GMT 07:51 2016 Thursday ,10 March

Arab Today, arab today ECB set to give eurozone 'one more adrenaline shot'

President of the European Central Bank (ECB)
Frankfurt - AFP

With inflation now back in negative territory and the economic outlook clouding over, the European Central Bank is widely expected to give the eurozone another "adrenaline shot" of stimulus measures at its policy meeting Thursday, analysts said.

Moves announced by the ECB back in December were perceived by the financial markets as being half-hearted.

So, ECB chief Mario Draghi is set to announce bolder measures at his traditional post-meeting news conference this time, central bank watchers predicted.

These would likely include a further cut in interest rates, an increase in the volume of bonds it buys each month under its so-called quantitative easing or QE programme and possibly a further extension of that measure beyond its current timeframe of March 2017.

"Further policy action seems all but inevitable this month," said Ben May of Oxford Economics.

"We expect the ECB to announce a package of measures," the expert said.

May forecast a reduction in the bank's deposit rate from minus 0.30 to minus 0.50 percent and an increase in the monthly QE purchases from 60 billion euros ($66 billion) to 80 billion euros.
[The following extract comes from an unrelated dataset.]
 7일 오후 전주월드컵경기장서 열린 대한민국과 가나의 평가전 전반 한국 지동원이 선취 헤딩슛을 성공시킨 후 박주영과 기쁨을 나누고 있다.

The ECB could also announce a replacement liquidity programme to run after its final TLTRO auction in June, May argued.

With area-wide falling inflation back in negative territory in February for the first time in five months -- it fell to minus 0.2 percent -- and eurozone growth not expected to pick up speed any time soon, the case for further stimulus measures is clear, analysts agreed.

- 'Done deal' -

At the last meeting in January, president Mario Draghi promised that the ECB's decision-making governing council would "review and possibly reconsider" the policy stance this month.
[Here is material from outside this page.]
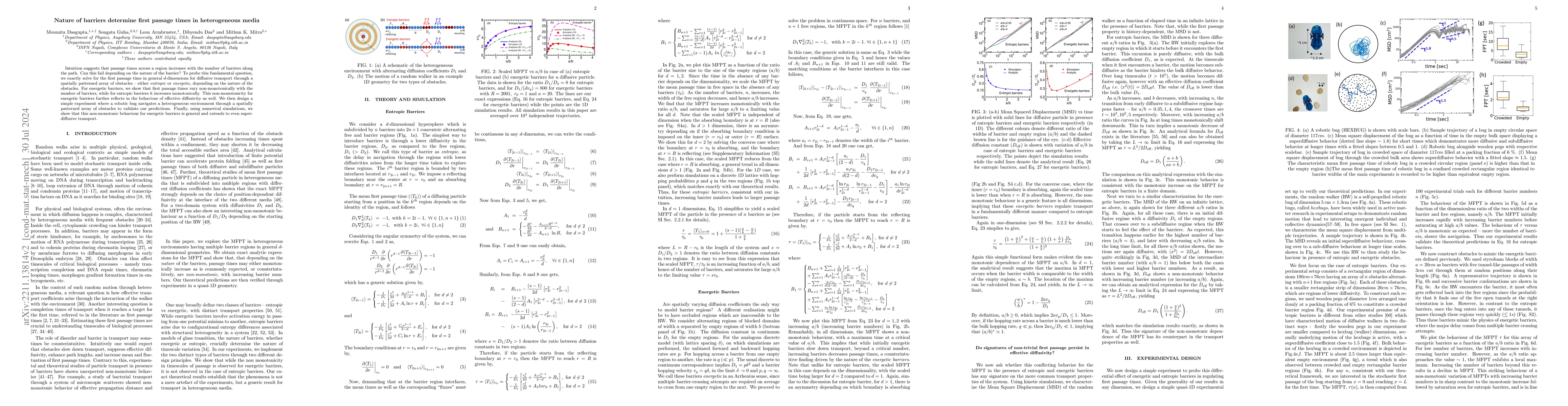 Usually time of passage across a region may be expected to increase with the number of barriers along the path. Can this intuition fail depending on the special nature of the barrier? We study experimentally the transport of a robotic bug which navigates through a spatially patterned array of obstacles. Depending on the nature of the obstacles we call them either entropic or energetic barriers. For energetic barriers we find that the timescales of first passage vary non-monotonically with the number of barriers, while for entropic barriers first passage times increase monotonically. We perform an exact analytic calculation to derive closed form solutions for the mean first passage time for different theoretical models of diffusion. Our analytic results capture this counter-intuitive non-monotonic behaviour for energetic barriers. We also show non-monotonic effective diffusivity in the case of energetic barriers. Finally, using numerical simulations, we show this non-monotonic behaviour for energetic barriers continues to hold true for super-diffusive transport. These results may be relevant for timescales of intra-cellular biological processes.

For UniCredit analyst Marco Valli that meant that "further monetary accommodation this week appears to be a done deal."

The deposit rate is the interest the ECB usually pays banks for the excess funds they place at the central bank overnight.
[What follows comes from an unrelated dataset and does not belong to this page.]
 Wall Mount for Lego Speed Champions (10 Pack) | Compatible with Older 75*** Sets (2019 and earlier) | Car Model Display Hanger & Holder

But it has been negative since June 2014, meaning the ECB effectively charges the banks for using the facility, in the hope that banks will instead lend the funds out to businesses and companies to get the economy moving.

However, banks complain the currently ultra-low interest rate environment is eroding profits and pushing the deposit further into negative territory could harm them further still.

The powerful German banking federation BdB is opposed to opening up the monetary sluice gates still further, insisting it will not provide any additional boost to economic growth.

"On the contrary, additional expansionary measures will do more harm than good," it said on Wednesday.

"We currently see no deflationary dangers whatsoever. The ECB is exaggerating the risks and acting too mechanistically," said BdB chief Michael Kemmer.

Some economists believe the ECB could introduce a tiered interest rate scheme to ease the burden on banks, whereby lenders would pay a lower or no penalty rate at all up to a specified amount of excess liquidity.

"If a tiered rate system were introduced, the burden on banks would rise less strongly and the deposit rate could be cut more sharply than if the ECB stuck to a universal penalty rate," said Commerzbank economist Michael Schubert.

A number of governing council members, notably Bundesbank chief Jens Weidmann, are opposed to additional stimulus measures.

The minutes from the December meeting, published in January, revealed that "some members" believed "that the existing policy measures were working in the right direction and more time should be given for them to unfold their full effect ... before adopting further monetary policy measures."

Nevertheless, the ECB's own staff economic projections, scheduled to be published on Thursday, are likely to provide the necessary ammunition to overcome such caution, analysts said.